Floyd Norris’ column in NY Times today is available to subscribers only, unfortunately. But it summarizes as well as anything I’ve seen the facts that put the lie to Blanche Lincoln’s alibi that her advocacy for the estate tax repeal is about helping the little guy.
Most recent data available, for 2004 indicates:
A very few, very rich estates pay most of the estate tax burden. It is a very progressive tax, in other words. Poor people don’t pay. Middle-class people don’t pay. Only wealthy people pay.
Double taxation? Nah. About two-thirds of the assets of the biggest estates ($20 million or more) were in real estate and stock — appreciated capital assets, in other words, and thus not previously taxed, as wages are.
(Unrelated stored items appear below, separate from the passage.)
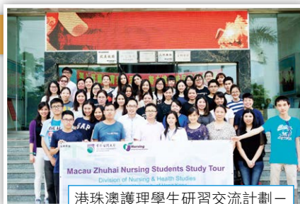
港珠澳護理學生研習交流計劃—與遵義醫學院教職員合照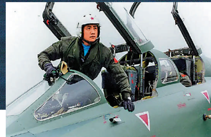
▲張挺為了避免平民傷亡，犧牲自己。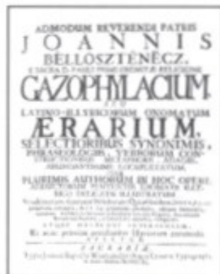
„Gazophylacium“, ein Wörterbuch der kroatischen Mundarten, ist das Hauptwerk des im 17. Jh. tätigen Philologen Ivan Belostenec. Im Bild: das Titelblatt einer frühen Ausgabe.

Ivan Belostenec (* 1594 Varaždin, † 1675 Lepoglava). Mönch, Philologe. Als Angehöriger des Ordens der Pauliner lehrte er an deren berühmtem Gymnasium in Lepoglava und machte sich um dessen wirtschaftliche und kulturelle Entwicklung sehr verdient. Sein Lebenswerk ist das große enzyklopädische Wörterbuch der drei Mundarten der kroatischen Sprache, das so genannte „Gazophylacium“. Dieses monumentale Werk umfasst auf 2000 Seiten mehr als 40.000 lateinische Wörter und ihre jeweilige Übersetzung. Es ist nicht nur für Kroatien, sondern für die europäische Kulturgeschichte insgesamt von großer Bedeutung. Ursprünglich sollte das Werk unter den Titel „Dictionarium Latino-Croaticum“ erscheinen. Doch wurde es in Zagreb – aus politischen Gründen unter verändertem Titel – erst 65 Jahre nach dem Tod seines Schöpfers gedruckt. Zu jener Zeit existierte nur ein einziges vergleichbares Werk, das unter wesentlich günstigeren Umständen in Florenz herausgegeben worden war. Aus Anlass von Belostenecs 400. Geburtstag gab die kroatische Post im Herbst 1994 eine Sonderbriefmarke heraus, auf der ein Ausschnitt des Titelbildes des „Gazophylacium“ dargestellt ist.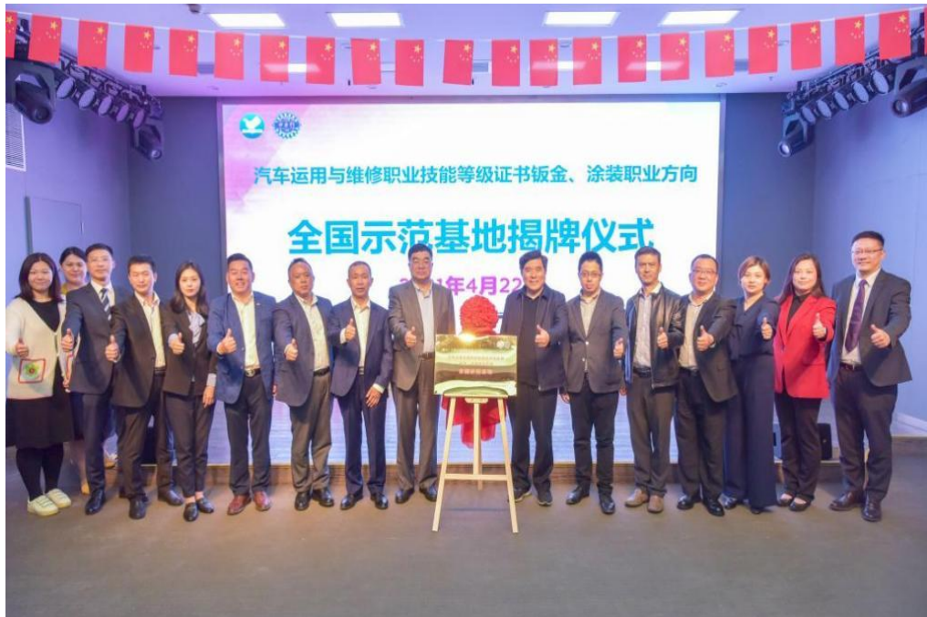
图 4-2 钣金、涂装职业方向全国示范基地揭牌仪式

资和技术技能人才，培训辐射全国 20 个省市，同时发挥“双基地”的辐射作用，服务全国师生，通过线上线下相结合的方式与各基地选手、全国兄弟院校开展交流活动，进行技艺切磋、教学研讨等活动，共同提升技术水平和教学能力。2022 年度，线下接待参观交流达 200 多人次，线上学习研讨达 3000 多人次。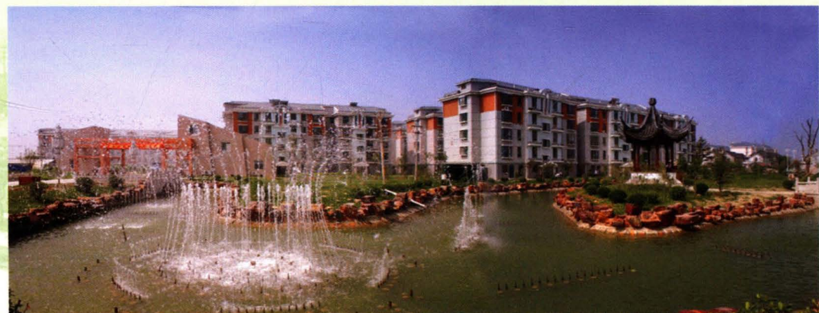
千灯镇大唐农村新居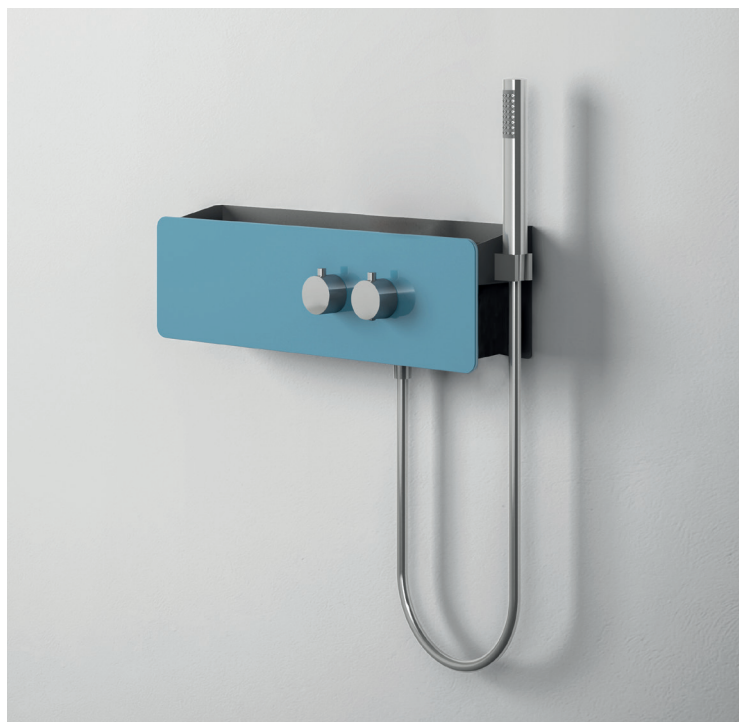
↑ AZULEJO Porte objet équipé UW00x01 (coloris verre Bleu)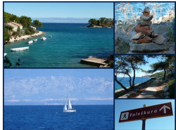
Auf dem Valeškura

Meer entlang nach Veli Lošinj. Am Wegrand sieht man Schilder für Fitnessübungen und Steinmännchen: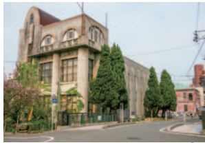
1 田中絹代ぶんか館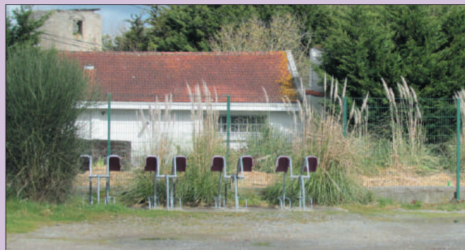
Aujourd'hui un parking a remplacé le bâtiment de la gare.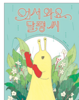
어서 와요, 달팽이 씨

홍익대학교와 같은 학교 대학원에서 회화와 디자인을 공부하고, 한국 일러스트레이션 학교에서 그림책을 공부했습니다. 《또 잘못 뽑은 반장》, 《거꾸로 말대꾸》, 《애들아, 학교 가자!》, 《눈 다래끼 팔아요》, 《가을이네 장 담그기》, 《왕할머니는 100살》을 비롯한 여러 어린이책에 그림을 그렸습니다. 《가을이네 장 담그기》와 《애들아, 학교 가자!》는 교과서에도 실렸지요. 쓰고 그린 책으로 《안녕, 외톨이》, 《언니는 돼지야!》, 《나무가 사라진 날》, 《어서 와요, 달팽이 씨》, 《도망쳐요, 달팽이 씨》, 《또 만나요, 달팽이 씨》, 《급식실의 달팽이 씨》가 있습니다.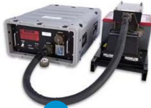
3 FIRE SYSTEM TRANSMITTER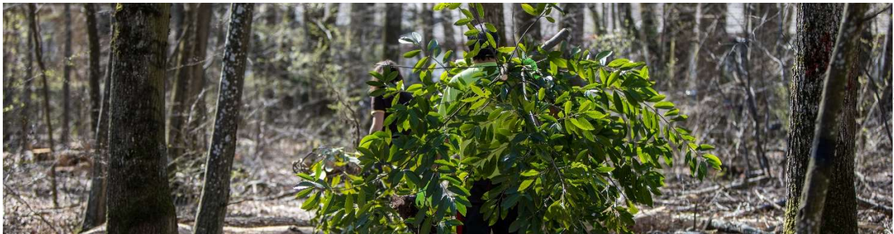
Projet Laureelles – Veyrier (GE)

«Anrede» «Vorname» «Nachname» «Strasse» «Land» – «Postleitzahl» «Ort»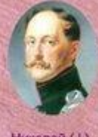
Николай ( I ) Павлович (1825 - 1855)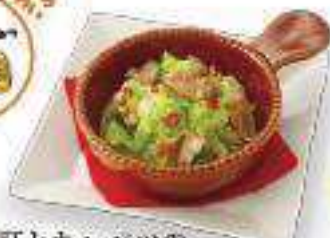
砂肝とキャベツの ベベロンチーノ Sausage and Cabbage with Peppercorn Sauce ¥400 (税込 ¥432)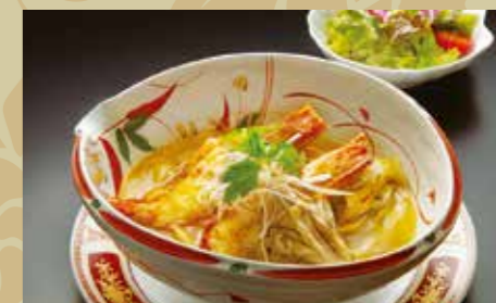
有頭海老の特製ラーメン ¥1,200 (税込¥1,320)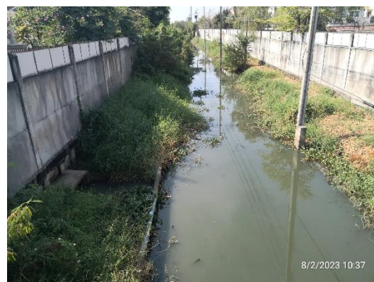
รูปที่ 2-7 ระยะถอยร่นจากแนวเขตคลอง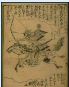
かまくらごんごろうかげまさ 鎌倉権五郎景政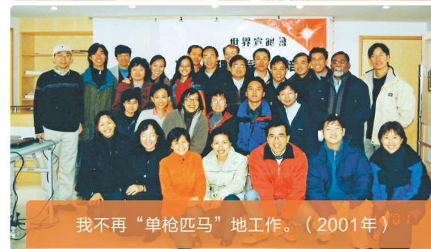
我不再“单枪匹马”地工作。（2001年）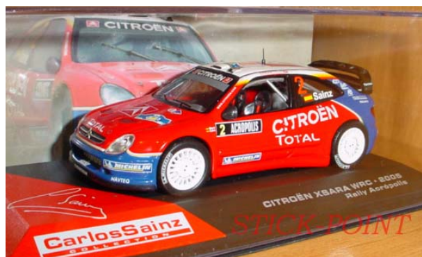
CITROËN Xsara WRC Carlos SAINZ – Rallye de l'Acropole 2005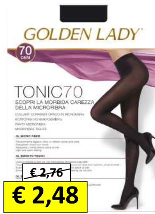
421272-421273-421274 GOLDEN TONIC 70 D NERO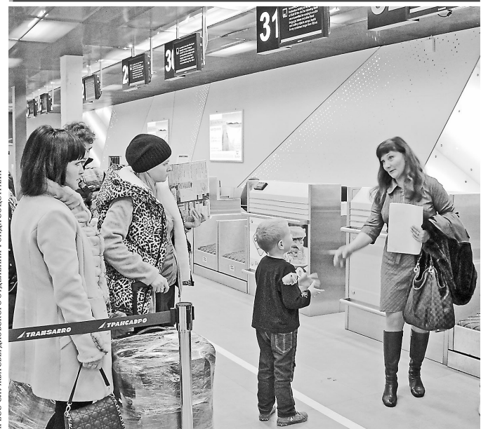
ПРЕСС-СЛУЖБА СВЕРДЛОВСКОГО ОТДЕЛЕНИЯ ФОНДА СОЦИАЛЬНОГО СТРАХОВАНИЯ

29 октября Свердловское региональное отделение Фонда социального страхования РФ отправило первую группу детей-инвалидов в санатории Крыма. Для юных пассажиров были созданы максимально комфортные условия, начиная от приезда в аэропорт и заканчивая посадкой в самолет. До конца года за счет средств соцстраха в Крыму смогут оздоровиться более 5,6 тысячи жителей Свердловской области.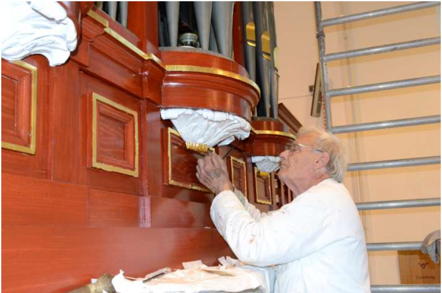
De consoles en de biezen moesten ter plekke worden bewerkt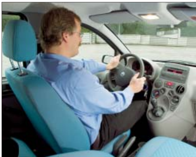
Panda er lille , og man sidder med skulderen mod dørstolpen. Rattet kan kun justeres i højden. Hovedstøtterne fortil er o.k.

bekymringer for, hvordan Panda vil klare sig i en trafikulykke. En crashtest i Euro NCAP-regi kan afklare en del af dette spørgsmål, men endnu er Panda ikke testet. Er man blevet bjergtaget af Panda, men er utilfreds med sikkerhedsniveauet, kan man selv gøre noget ved sagen. Fiat tilbyder en del sikkerhedsudstyr som fabriksmonteret udstyr mod merpris. Her finder vi bl.a. de livreddende airbaggardiner, som forkun 2.500 kr. hæver sikkerhedsniveau-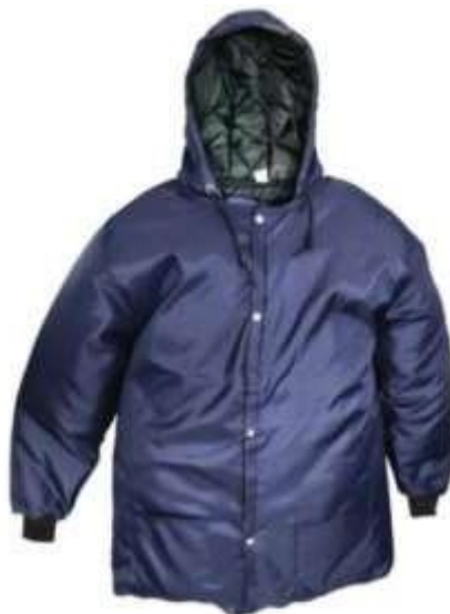
Figura 1: Imagem meramente ilustrativa do produto.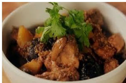
Gambar 2: Ayam pongteh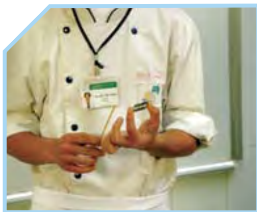
CHUẨN BỊ DỤNG CỤ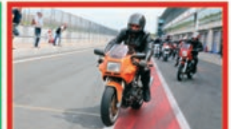
Schnupperrunden auf der Strecke

Confiscatory rates? Not really, after deductions for spouses and charity.
In 2004, only 736 tax returns were filed for estates worth $20 million or more. Only 520 of them owed estate taxes, but these 520 paid a quarter of all estate taxes for the year, about $5.6 billion. The top marginal rate is 55 percent, sure, but the average tax for this group was only 19 percent.
A bill Blanche Lincoln supported last week would have cut the tax rate on those 520 richest estates by a third, a nifty savings of $1.8 billion. A huge chunk of it would be a gift to people like Walton children who toiled not for their riches but inherited appreciated stock granted essentially free to their parents.